The new, young political operative in town hasn’t decided whether he’ll ever run for office. It’s a tough job, Josh Duggar knows.
“I admire these people who are willing to put themselves out there,” he told us, “and live in a glass box and be subjected to the media and all those pressures.”
Aw, Josh, you can deal with that! At 25, Duggar has shared most of his adult life with the world as one of the (many) stars of “19 Kids and Counting,” the reality-TV hit about his parents Jim Bob and Michelle Duggar’s expansive brood. In June, after years of selling cars in his native Arkansas, Josh made a big move north to D.C., where he is now the executive director of the conservative Family Research Council’s lobbying arm.
In the new season, which began Sept. 17, TLC’s cameras have chronicled Duggar and wife Anna as they settle into the big city — actually, a Maryland suburb he declines to specify — with their three very young kids. But the cameras do not follow him to his advocacy job, keeping “19 Kids” a politically neutral show. “They have a lot of viewers with different viewpoints,” Duggar said. “I obviously do work for a political organization” — FRC is vigilantly anti-abortion, pro-small government, anti-gay marriage — “and I do take specific viewpoints on the issues.” Still: “You will always hear me going into discourse showing Christian love to everyone I come across,” he said. “My goal is to respect and love.”
Tasked with grassroots outreach for FRC, Duggar emphasizes that politics is nothing new — his dad served in the state legislature; he attended Mike Huckabee prayer breakfasts as a kid; and he campaigned for Rick Santorum. As a used-car dealer, “I learned how you make a payroll and treat people right,” he said. “We could use quite a bit of that in politics.” Far from shying from his reality-TV past, FRC has looked to its new hire to leverage his family’s popularity with evangelical and home-schooling communities.

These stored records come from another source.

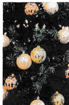
Christmas Party at Tathra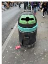
Empty bottles, graffiti, urine, dirt, drinks spillage – nothing cleaned.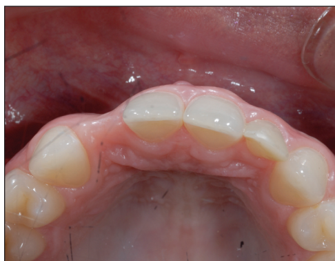
Figure 3. Incisal view. Note: tooth No. 10 showing a deficient/compromised ridge and inadequate soft-tissue topography.

team's ability to manage and deliver a natural appearing reconstruction. The ultimate aesthetic outcome requires ideal hard- and soft-tissue topography. The restoration must have natural anatomy and components of color. The patient's expectations must be understood and managed. Educating the patient about the risks and prognosis facilitates trust in the team and understanding of the proposed outcome. The restorative challenges must be identified and communicated to all team members.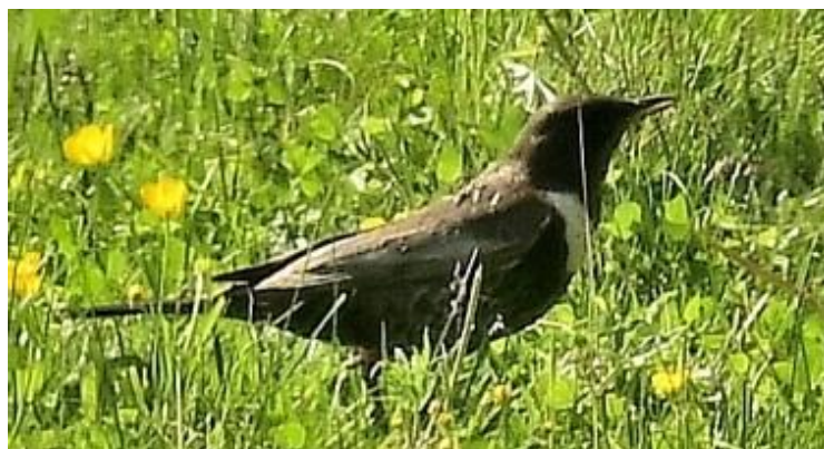
Ring Ouzel on Solden ski run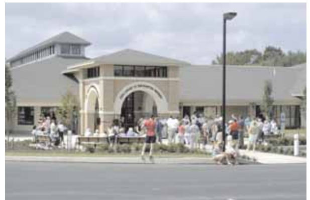
Library dedication at Northampton Days in September 2006, above first home was at the old Nike base, now the township recreation center.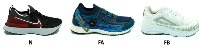
Figure 1. Control shoes (N: Nike react infinity, FA: Fila prototype A, FB: Fila prototype B)

measured by dropping a missile (Weight: 8.5 kg, diameter: 45 mm) from 50 mm above the rearfoot located at 12% in the direction from heel to toe as shown in (Figure 2) (Determan, Nevitt & Frederick, 2009; Ha et al., 2020).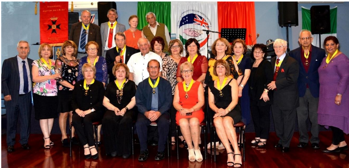
Group photo of the knights and Dames that attended the Fund Raising event.

The Grand Chapter of Melbourne organised a lunch last Sunday 13 October, 2019 to raise money for charity. The Lunch was held at the Italian Community Club of East Keilor here in Melbourne. Thanks to the hard working team of knights and dames, most of the supplies was donated, including most of the work. Thanks to ICKA Club for providing the assistance for the event to be very successful. At the end of the event, $8,000 was raised to the Royal Women's Hospital - Newborn Intensive Care Unit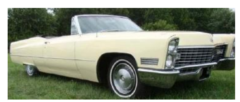
1967 DeVille Convertible in excellent condition

443-871-0232 or <a href="mailto:lowesautomotive@verizon.net">lowesautomotive@verizon.net</a>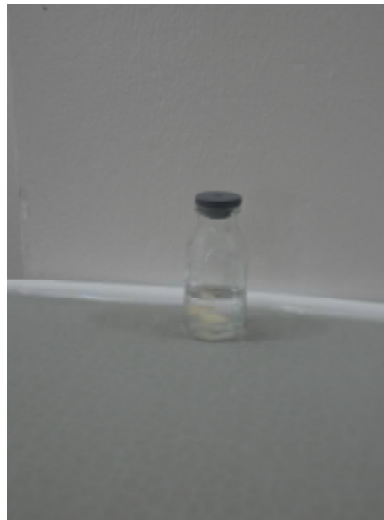
Fig (2): Sample stored in deionized water.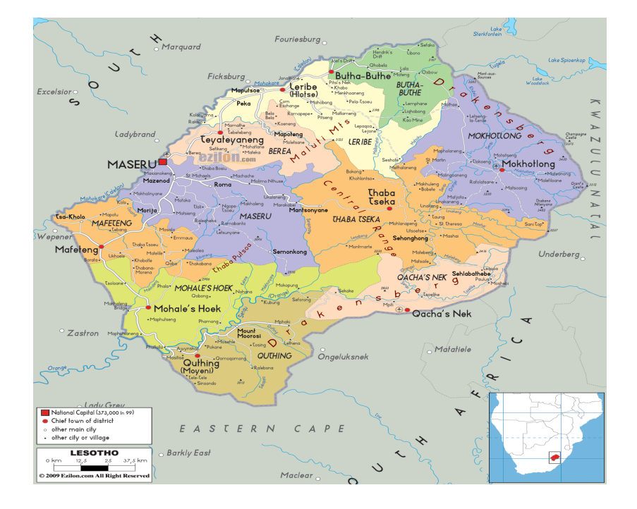
Figure 1: The Map of Lesotho

According to Monyane (2009:1), Lesotho, officially known as the Kingdom of Lesotho is a landlocked country (in Southern Africa) and is completely surrounded by South Africa. Lesotho measures 30 355 square kilometers in size and according to the 2016 estimates, it has a population of around 2 203 821 (United Nations Department of Economic and Social Affairs, Population Division, 2017). As Monyane (op.cit.) posits, only about 13% of Lesotho's soil is arable and it is found mostly in the western strip which is highly populated. The extremely skewed distribution of arable land explains the excessive population concentration in the western arable areas (ibid). The map of Lesotho is shown below.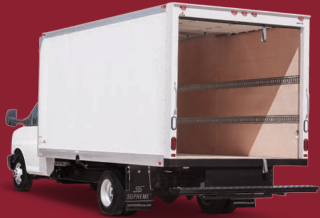
(Shown with optional E-Track and one-way poached step bumper)

Supreme sets the benchmark for cutaway truck bodies. Featuring a cab-access door, flat floor, and tight turning radius, our tough, sturdy Iner-City cutaway is ideal for shorter, multi-delivery routes, effortlessly carrying your cargo. Versatile and rugged, the Iner-City helps you get through the workday with dependable efficiency.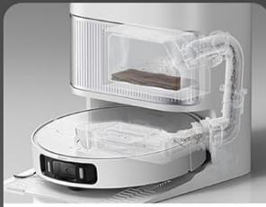
Auto-Empty up to 100 Days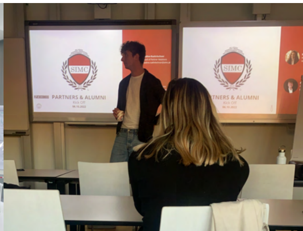
Partners & Alumni Info Session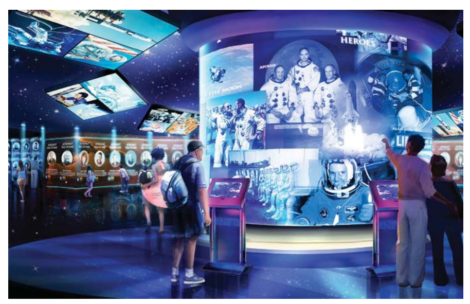
The attraction will culminate with an exhibit looking at the US Astronaut Hall of Fame

The highlight of the visitor attraction will be a 3D omnidirectional theatre, designed to make guests feel as though they are floating in space. Imagery shot in outer space will

On Friday, the entire Duggar crew is expected at FRC’s annual Values Voter Summit in Washington, where Josh will moderate a panel on young rising stars in the conservative movement.
In D.C., he said, his TV fame draws far more attention than in Arkansas, where the neighbors were used to it. “I can’t go anywhere without somebody recognizing me.” It’s made him appreciative of the heightened security that pervades Washington these days. And as to our original question — will he run one day? “I’m just honored to have the opportunity to serve,” he said. “I wouldn’t rule it out in the future, I’ll put it that way — but I have no desire.”